Gullickson described the deficit as a “complicated, perfect storm of factors” mostly out of the control of college administrators.

First, enrollment fell 2 percent across the district. Johnson said that is partially due to a recovering economy, which generally means lower community college enrollment.

But she also attributed the enrollment decrease to software glitches caused by the implementation of the ctcLink software – a $100 million system for all of the state’s community colleges that was introduced first in Spokane and Tacoma.

“We’ve had a new IT system that is being implemented, and unfortunately we’ve had some serious glitches,” she said, adding that those problems have affected students’ financial aid and enrollment status, leading to frustration and in some cases, withdrawal from school.

CtcLink is designed to tie together most financial, student scheduling and employee functions at the community colleges throughout the state. Community college staff and administrators at the two test sites urged the State Board for Community and Technical Colleges to delay launching the system last summer, saying it wasn’t ready. From the beginning, the software was full of bugs: some students couldn’t register for classes, some couldn’t get financial aid, while others got too much financial aid and some personal information were not secure. Some employees weren’t paid and the accounting functions weren’t working.

Statewide, the delays, fixes and overtime to troubleshoot the software system could add $10 million to the cost of the project, Washington legislators were told in January.

At CCS, the software implementation could cost $1.3 million in staffing, much of that spent on overtime, Johnson said. Those additional costs stretched already thin resources.

Community Colleges of Spokane asked the State Board for Community and Technical Colleges for help with the additional staffing costs. Spokeswoman Laura McDowell said the board hasn’t decided whether to provide any funds.

“That was not expected,” Johnson said. “We hadn’t planned for that.”

A change in how the State Board for Community and Technical Colleges distributes money also is affecting CCS’s finances. The allocation change funnels more money toward specific high-need programs, adult basic education and changes how much money schools will receive based on student performance. Johnson said the overall effect of these changes is to provide more money for smaller colleges.

“I have to say the new formula that was adopted basically favors smaller colleges,” Johnson said. “The assumption is that when you are bigger you can absorb cuts better.”

The final factor, Johnson said, is a class action lawsuit filed in 2006 on behalf of state employees wrongly omitted from state employer-paid health insurance. The settlement required the state pay $80 million. Of that, the 34 state community colleges had to divvy up $13.4 million in settlement costs.

McDowell said these factors, combined with a general lack of financial support for community colleges, are stretching school resources across the state.

“Our community college system is really being starved by the Legislature,” she said. “We are seeing levels of funding that precede the recession in terms of state support.”

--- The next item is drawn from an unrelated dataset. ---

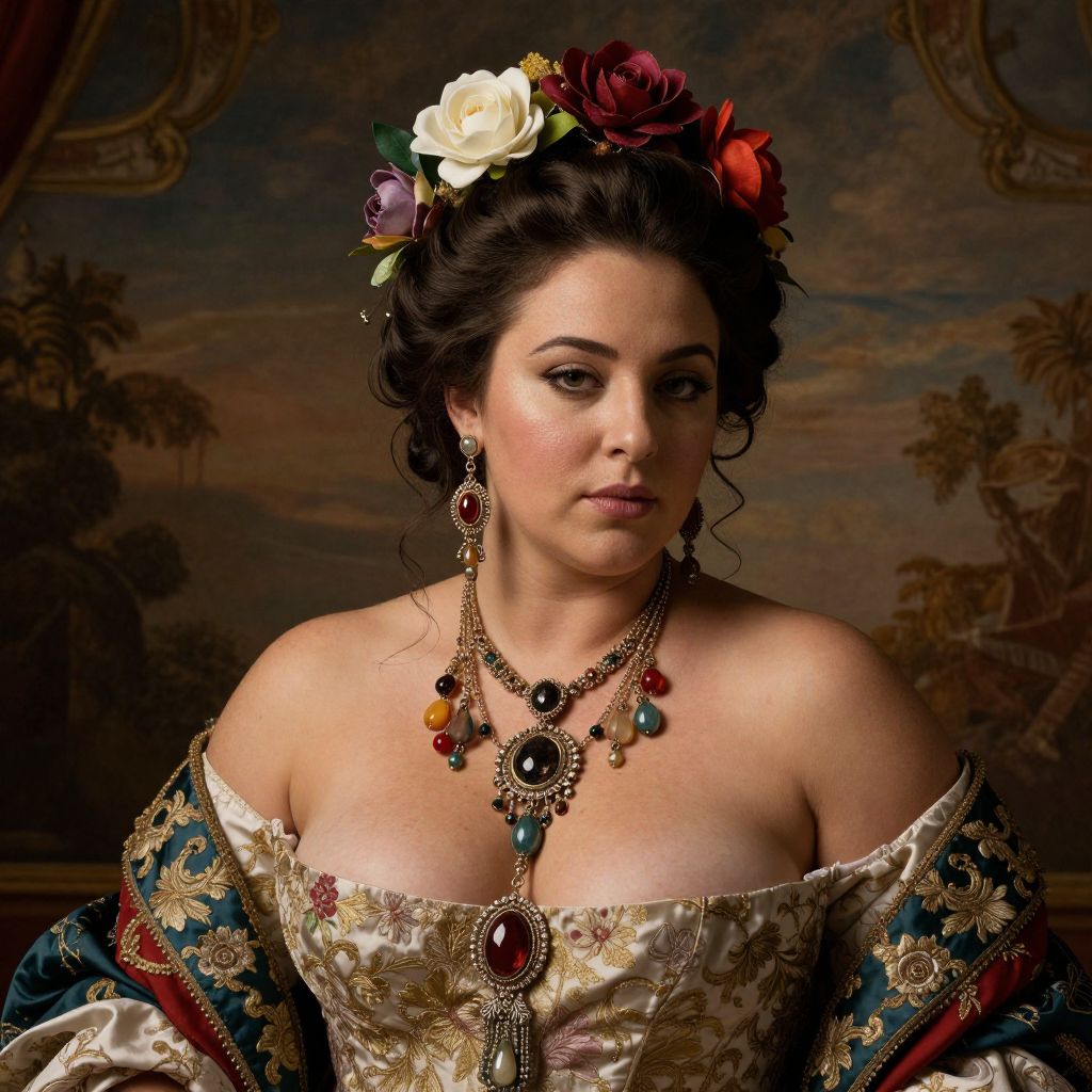 Portrait of a pulpeuses woman adorned with intricate jewelry and flowers in her hair, baroque-inspired background, warm toned palette, rich textures in fabric and skin, dramatic lighting emphasizing curves and form.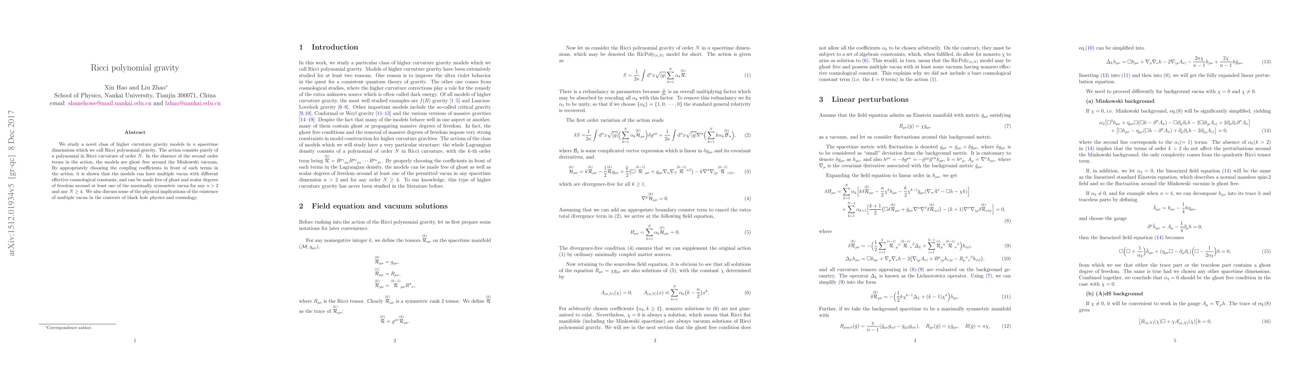 Ricci polynomial gravity models in n dimensions show multiple vacua with different effective cosmological constants, eliminating ghosts and scalar degrees of freedom around certain maximally symmetric vacua for any n > 2 and N >= 4.

SCC President Ryan Carstens said cuts would be made strategically, with an eye toward minimizing the impact on students.

“It is frustrating to see that some decisions will not be as favorable for our district,” he said. “But we are a statewide system so we have to work with those decisions.”

Gullickson said six SFCC buildings will be closed during the summer to save on energy costs. Additionally, she said SFCC won’t fill a vice president opening. Staff and faculty at SFCC understand that the cuts are largely out of the college’s control, although that doesn’t make it any easier, she said.

“I can tell you even having the conversation is hard,” Gullickson said. “It’s hard for people who are worried about their colleagues not having jobs.”